Render graph completion + TAA sky fix + froxel light clustering (audit tasks #15, #23)#66

Merged
proggeramlug merged 7 commits into
mainfrom
audit/render-graph-completion
Jun 12, 2026
Merged

Render graph completion + TAA sky fix + froxel light clustering (audit tasks #15, #23)#66
proggeramlug merged 7 commits into
mainfrom
audit/render-graph-completion

Conversation

@proggeramlug

@proggeramlug proggeramlug commented Jun 12, 2026

Copy link
Copy Markdown
Contributor

Completes the final two open items from the architecture audit: the render-graph migration (#15) and froxel light clustering (#23). Also fixes a real TAA bug the new coverage caught.

Render graph (#15)

  • The frame runs on the graph: 15 PassNodes from froxel-assign/shadow through auto-exposure, with declared reads/writes + order pins reproducing the hand-tuned sequence exactly (pin-loosening documented as the next refinement).

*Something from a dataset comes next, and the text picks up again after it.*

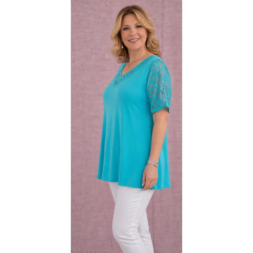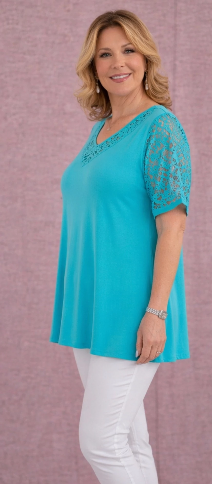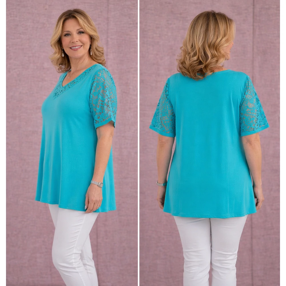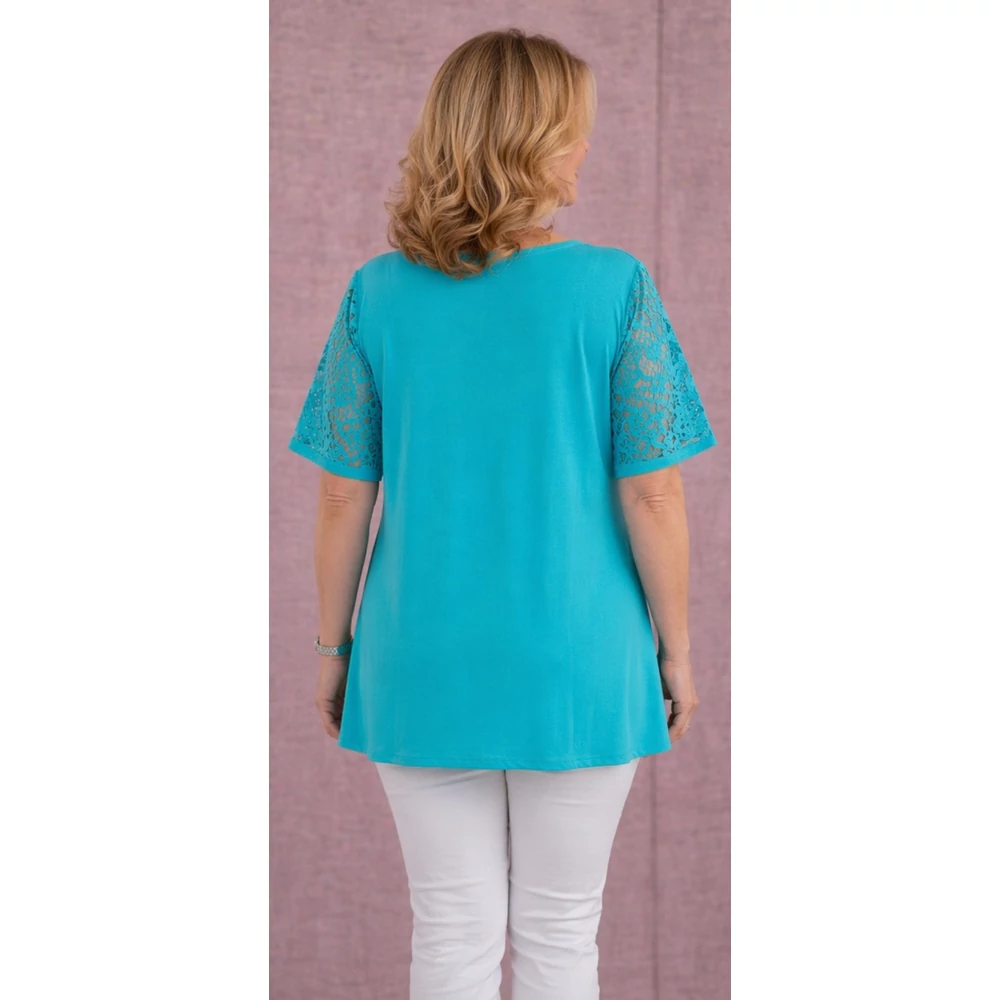 Csipkés ujjú, V-csipke nyakas tunika -TÜRKIZ- 50-60 méret

Context-owns-renderer pattern at full scale.
  • Final extractions: GTAO, translucent, auto-exposure become record_* methods.
  • TAA bug fix: zero-velocity sky pixels reprojected positionally through a degenerate far-plane reconstruction; the luma-only history clamp then locked the wrong chroma in permanently — TAA-on games had skies tinted toward whatever bright object the broken UV landed on. Far-depth pixels now reproject the view direction (rotation-exact, translation-invariant).
  • New TAA-on golden pins the fix and the TAA branch of the post-FX cascade.

Froxel light clustering (#23)

The 256-light cap raise (task #14) removed the capability ceiling but left the scene shader paying O(live lights) per fragment. Now:

  • 16×9×24 froxel grid, log-distributed depth slices. A compute pass assigns lights per cluster (sphere vs froxel AABB); cluster counts + index list live in storage buffers, light data stays in the existing UBO.
  • Clustered loop spliced into SCENE_SHADER at pipeline build between BEGIN/END-POINT-LIGHT-LOOP markers; the plain loop remains the WebGL2 fallback and the semantic reference. Capability-gated on fragment-stage storage buffers (FroxelPass::supported), BLOOM_DISABLE_FROXEL=1 kill-switch for field bisection.
  • Bit-exact parity, enforced: new golden many_point_lights_clustered_scene drives the retained scene path under 40 lights; its golden was generated with the reference loop and the clustered path reproduces it with mean/max diff 0.0 (the assignment is strictly conservative, so the paths are mathematically identical). The test asserts the clustered path is actually active so it can't silently regress to testing the fallback against itself.
  • lighting.rs extraction: the group-1 bind-group entry list existed in four hand-synced copies (a binding-drift hazard); every lighting bind group now goes through one builder. mod.rs ratchets 13,956 → 11,775 since the audit began.

All goldens pixel-identical (except the two new ones, by definition), 97 unit tests green, validators clean.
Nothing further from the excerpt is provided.